Bridging the Gap in Multilingual Semantic Role Labeling: a Language-Agnostic Approach

➤ About the project
➤ Abstract
➤ Cite this work
➤ Results

CoNLL-2009
CoNLL-2012

➤ How to use
➤ Acknowledgements
➤ License

About the project

This is the repository for the paper Bridging the Gap in Multilingual Semantic Role Labeling: a Language-Agnostic Approach, presented at COLING 2020 by Simone Conia and Roberto Navigli.

Abstract

Recent research indicates that taking advantage of complex syntactic features leads to favorable results in Semantic Role Labeling. Nonetheless, an analysis of the latest state-of-the-art multilingual systems reveals the difficulty of bridging the wide gap in performance between high-resource (e.g., English) and low-resource (e.g., German) settings. To overcome this issue, we propose a fully language-agnostic model that does away with morphological and syntactic features to achieve robustness across languages. Our approach outperforms the state of the art in all the languages of the CoNLL-2009 benchmark dataset, especially whenever a scarce amount of training data is available. Our objective is not to reject approaches that rely on syntax, rather to set a strong and consistent language-independent baseline for future innovations in Semantic Role Labeling.

Cite this work

If you use any part of this work, please consider citing the paper as follows:

@inproceedings{conia-navigli-2020-multilingual-srl,
    title     = "Bridging the Gap in Multilingual {S}emantic {R}ole {L}abeling: {A} Language-Agnostic Approach",
    author    = "Conia, Simone and Navigli, Roberto",
    booktitle = "Proceedings of the 28th International Conference on Computational Linguistics, COLING 2020",
    month     = dec,
    year      = "2020",
    address   = "Barcelona, Spain (Online)",
    publisher = "International Committee on Computational Linguistics",
    url       = "https://aclanthology.org/2020.coling-main.120",
    doi       = "10.18653/v1/2020.coling-main.120",
    pages     = "1396--1410",
}

Experiment results

Here we provide an overview of the results obtained by our model on CoNLL-2009 (English, Czech, German, Catalan, Spanish, Chinese) and CoNLL-2012.

CoNLL-2009

Results on the CoNLL-2009 Shared Task by Hajic et al., 2009. The CoNLL-2009 Shared Task: Syntactic and Semantic Dependencies in Multiple Languages.

English

Czech

German

Catalan

Spanish

Chinese

CoNLL-2012

Results on the CoNLL-2012 Shared Task by Pradhan et al., 2012. CoNLL-2012 Shared Task: Modeling Multilingual Unrestricted Coreference in OntoNotes.

How to use

You'll need a working Python environment to run the code. The recommended way to set up your environment is through the Anaconda Python distribution which provides the conda package manager. Anaconda can be installed in your user directory and does not interfere with the system Python installation.

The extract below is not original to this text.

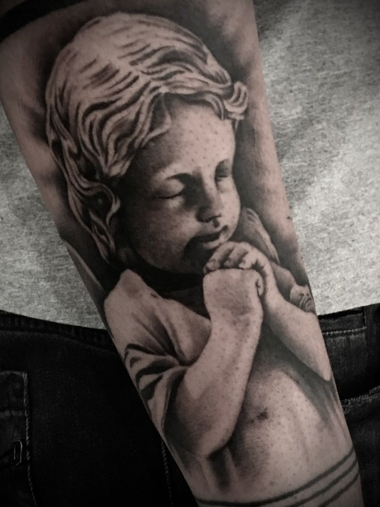 Spécialisé dans le tatouage réaliste noir et gris, le graphique, le blackwork et le dotwork, je crée des pièces sur mesure pensées selon votre idée, votre morphologie et votre sensibilité artistique.

We use conda virtual environments to manage the project dependencies in isolation. Thus, you can install our dependencies without causing conflicts with your setup (even with different Python versions).

Run the following command and follow the steps to create a separate environment:

> bash setup.sh
> Enter environment name (recommended: multilingual-srl): multilingual-srl
> Enter python version (recommended: 3.8): 3.8
> Enter cuda version (e.g. '11.3' or 'none' to avoid installing cuda support):

All the code in this repository was tested using Python 3.8 and CUDA 11.3.

Getting the data

NOTE: If you don't want to retrain or evaluate a model, you can skip this step.

Depending on the task you want to perform (e.g., dependency-based SRL or span-based SRL), you need to obtain some datasets (unfortunately, some of these datasets require a license fee).

NOTE: Not all of the following datasets are required. E.g., if you are only interested in dependency-based SRL with PropBank labels, you just need CoNLL-2009.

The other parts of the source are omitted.